*Task description*: All lines from the one containing "Ve hře Mars: Teraformace" to the end of the listing below should be output exactly; omit the pictures.
::: Information supplied
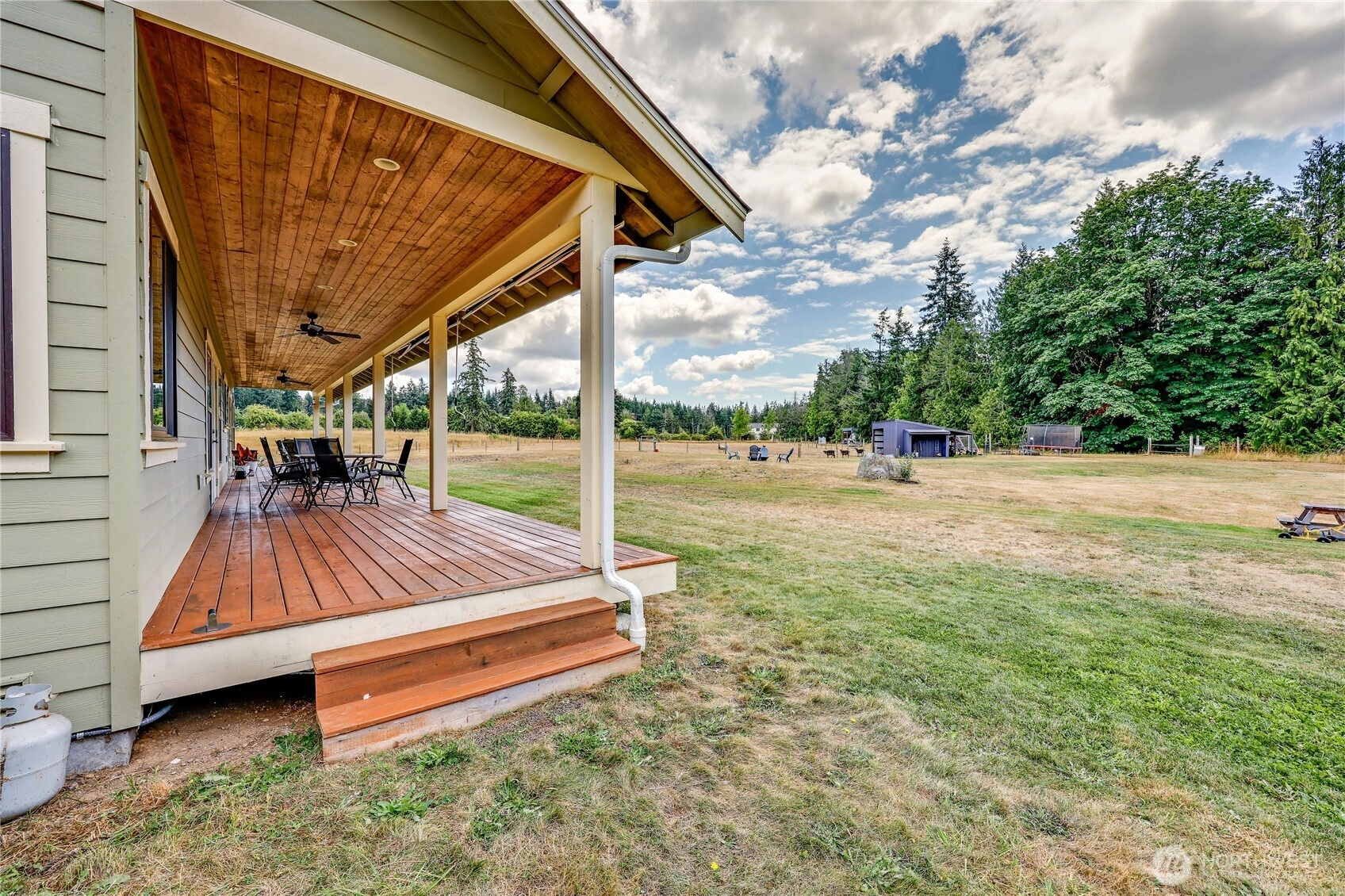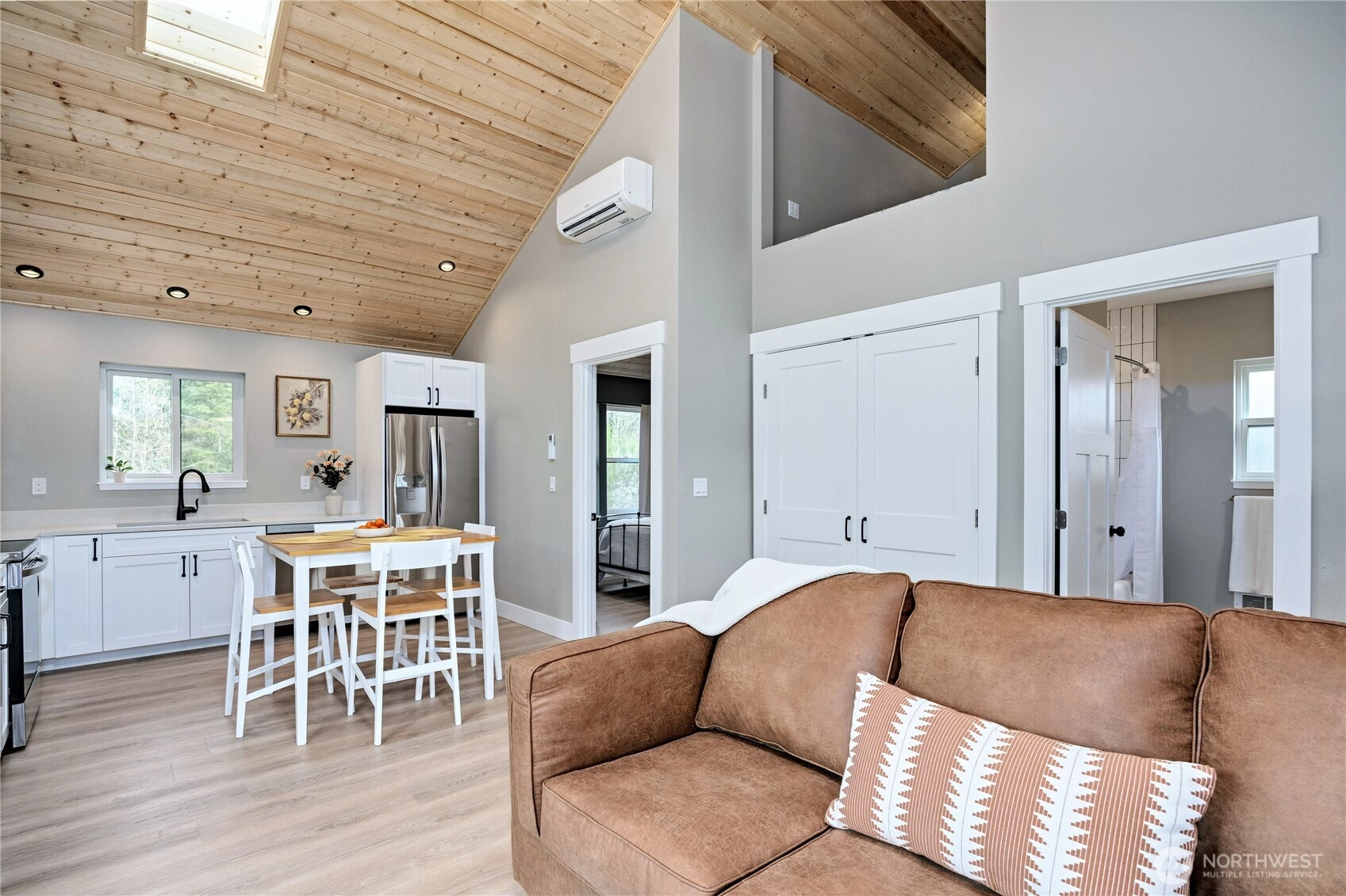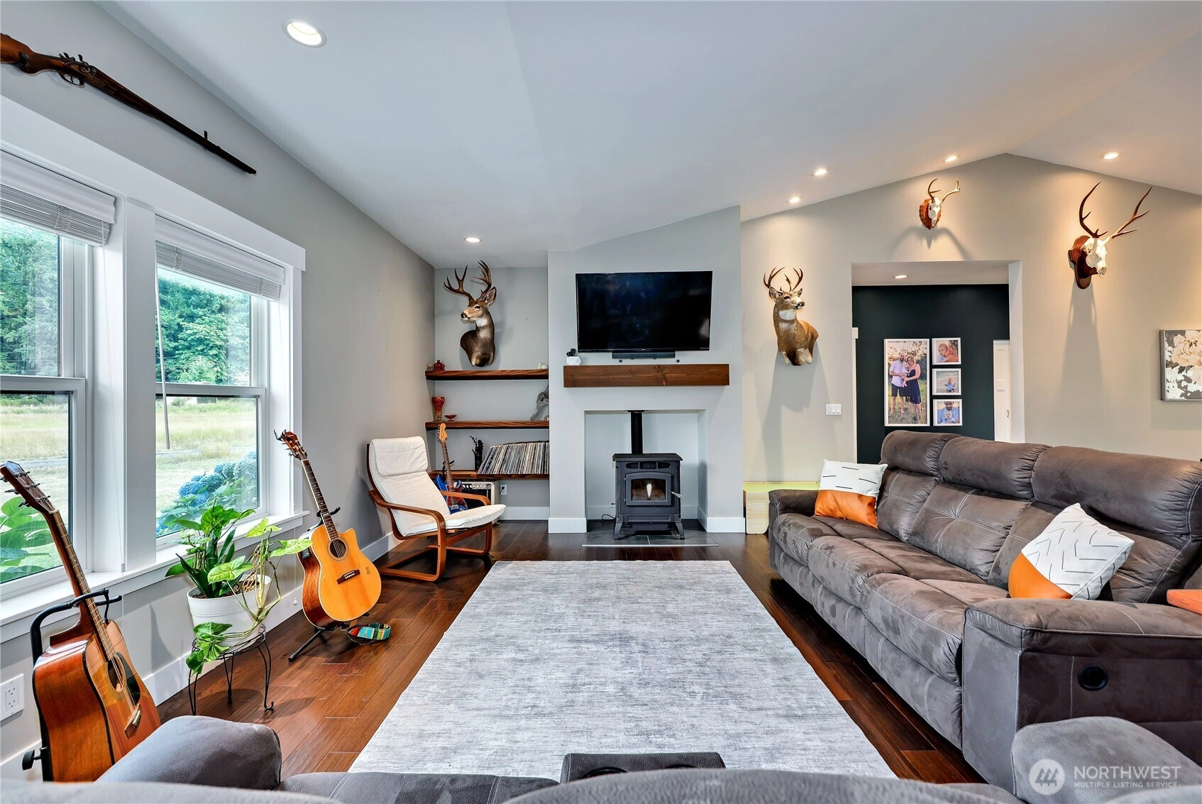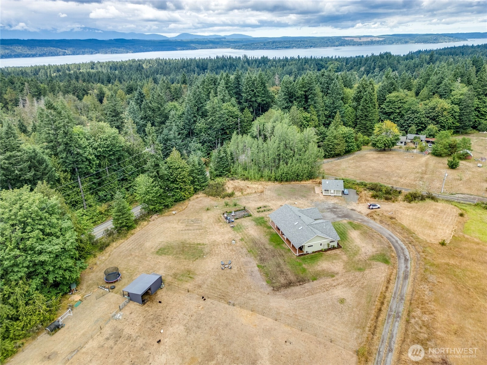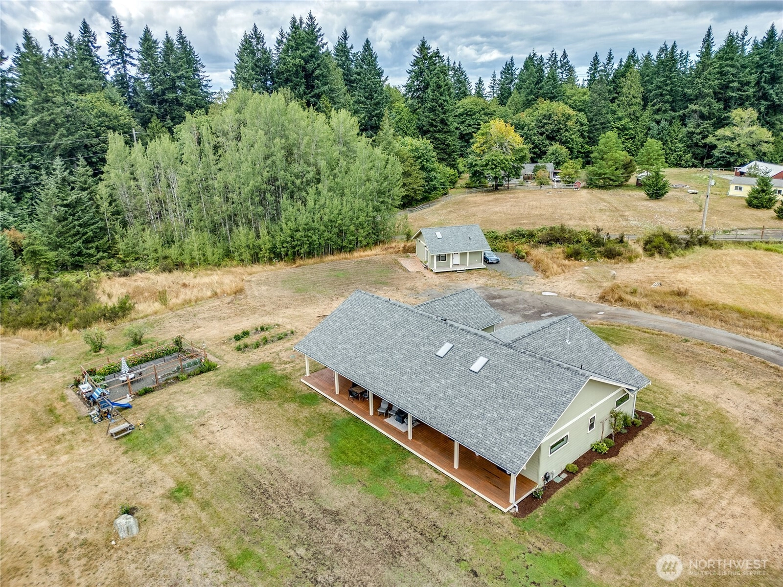 Welcome to your serene Poulsbo retreat! This charming rambler sits on 5 level and dry acres, perfect for your four-legged friends with a barn and fence already in place. Inside, offers a perfect blend of comfort and nature with vaulted ceilings and abundant natural light. The cozy wood stove, granite counters, large island, and stainless appliances make the kitchen a true standout. The oversized primary suite includes a 5-piece bath and a private deck. A separate guest cottage is perfect for multi-generational living or rental income. This property is your canvas for the best of PNW living—gardening, entertaining, or simply relaxing under the stars. With room to breathe and space to grow- don't miss this rare opportunity!
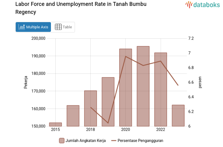 The reduction in the open unemployment rate (OUR) this year can be seen from the number of the workforce and the number of employed people. The number of the workforce in Tanah Bumbu Regency has shown an upward trend over the past 16 years. In 2021, the workforce was recorded at 195,500 workers, then decreased to 162,120 workers in 2023.
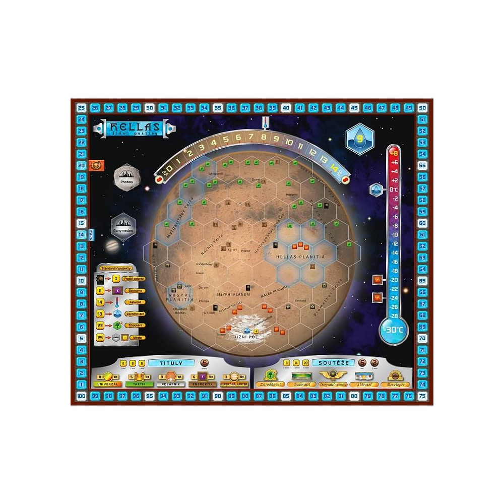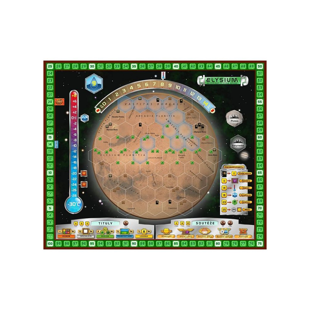 Ve hře Mars: Teraformace objevte nová území a vyzkoušejte nové strategie! Místo původního herního plánu můžete použít některý z obou nových. Znázorňují jiné části Marsu, jsou na nich vyznačeny jiné bonusy za umístění destiček, jiné oblasti pro destičky oceánu a nové čestné tituly a soutěže.
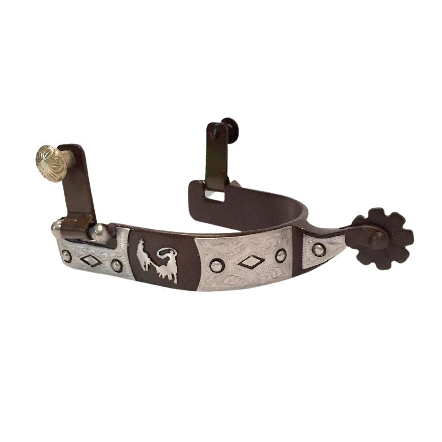 This a short shank, antique brown spur with a 1" band and nickel silver overlay. 1 1/4" shank with 1" low impact rowel. Designed to be used and sit well on a boot.
::::::
*Answer for the task*:
 Ve hře Mars: Teraformace objevte nová území a vyzkoušejte nové strategie! Místo původního herního plánu můžete použít některý z obou nových. Znázorňují jiné části Marsu, jsou na nich vyznačeny jiné bonusy za umístění destiček, jiné oblasti pro destičky oceánu a nové čestné tituly a soutěže.
 This a short shank, antique brown spur with a 1" band and nickel silver overlay. 1 1/4" shank with 1" low impact rowel. Designed to be used and sit well on a boot.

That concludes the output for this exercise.